#### Data ####

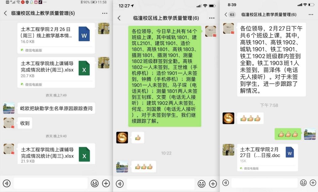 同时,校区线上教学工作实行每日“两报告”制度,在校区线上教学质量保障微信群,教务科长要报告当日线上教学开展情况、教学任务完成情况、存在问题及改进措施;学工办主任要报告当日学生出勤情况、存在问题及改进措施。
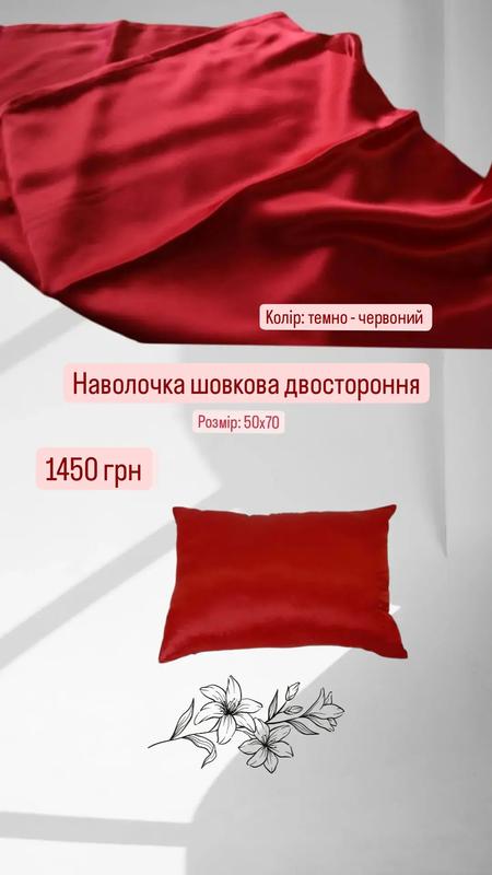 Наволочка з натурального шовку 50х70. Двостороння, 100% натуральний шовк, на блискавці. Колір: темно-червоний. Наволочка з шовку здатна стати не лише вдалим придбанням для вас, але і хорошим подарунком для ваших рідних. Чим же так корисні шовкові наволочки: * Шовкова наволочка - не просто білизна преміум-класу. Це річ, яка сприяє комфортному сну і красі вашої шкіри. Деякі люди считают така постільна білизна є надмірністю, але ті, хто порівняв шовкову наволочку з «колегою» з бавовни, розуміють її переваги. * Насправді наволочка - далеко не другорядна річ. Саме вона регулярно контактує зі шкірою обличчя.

####
#### Data ####

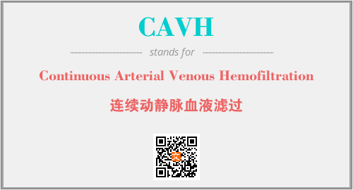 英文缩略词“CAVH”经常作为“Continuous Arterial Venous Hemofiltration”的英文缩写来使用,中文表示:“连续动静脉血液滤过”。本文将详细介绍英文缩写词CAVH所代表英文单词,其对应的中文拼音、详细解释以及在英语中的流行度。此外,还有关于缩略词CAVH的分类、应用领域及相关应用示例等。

####
#### Data ####

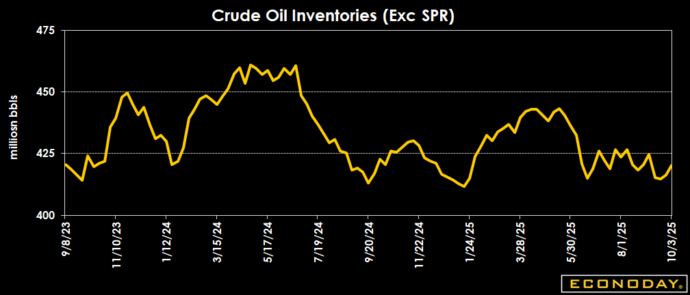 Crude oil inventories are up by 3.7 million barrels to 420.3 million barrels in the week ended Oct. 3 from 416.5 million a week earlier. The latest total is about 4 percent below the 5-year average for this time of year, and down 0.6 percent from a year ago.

####

#### The problem:
Using the listing above, reproduce word for word every line from the one containing "同时,校区线上教学工作实行每" through the one containing "Наволочка з натурального". Pictures must be left out.

#### Written solution:
 同时,校区线上教学工作实行每日“两报告”制度,在校区线上教学质量保障微信群,教务科长要报告当日线上教学开展情况、教学任务完成情况、存在问题及改进措施;学工办主任要报告当日学生出勤情况、存在问题及改进措施。
 Наволочка з натурального шовку 50х70. Двостороння, 100% натуральний шовк, на блискавці. Колір: темно-червоний. Наволочка з шовку здатна стати не лише вдалим придбанням для вас, але і хорошим подарунком для ваших рідних. Чим же так корисні шовкові наволочки: * Шовкова наволочка - не просто білизна преміум-класу. Це річ, яка сприяє комфортному сну і красі вашої шкіри. Деякі люди считают така постільна білизна є надмірністю, але ті, хто порівняв шовкову наволочку з «колегою» з бавовни, розуміють її переваги. * Насправді наволочка - далеко не другорядна річ. Саме вона регулярно контактує зі шкірою обличчя.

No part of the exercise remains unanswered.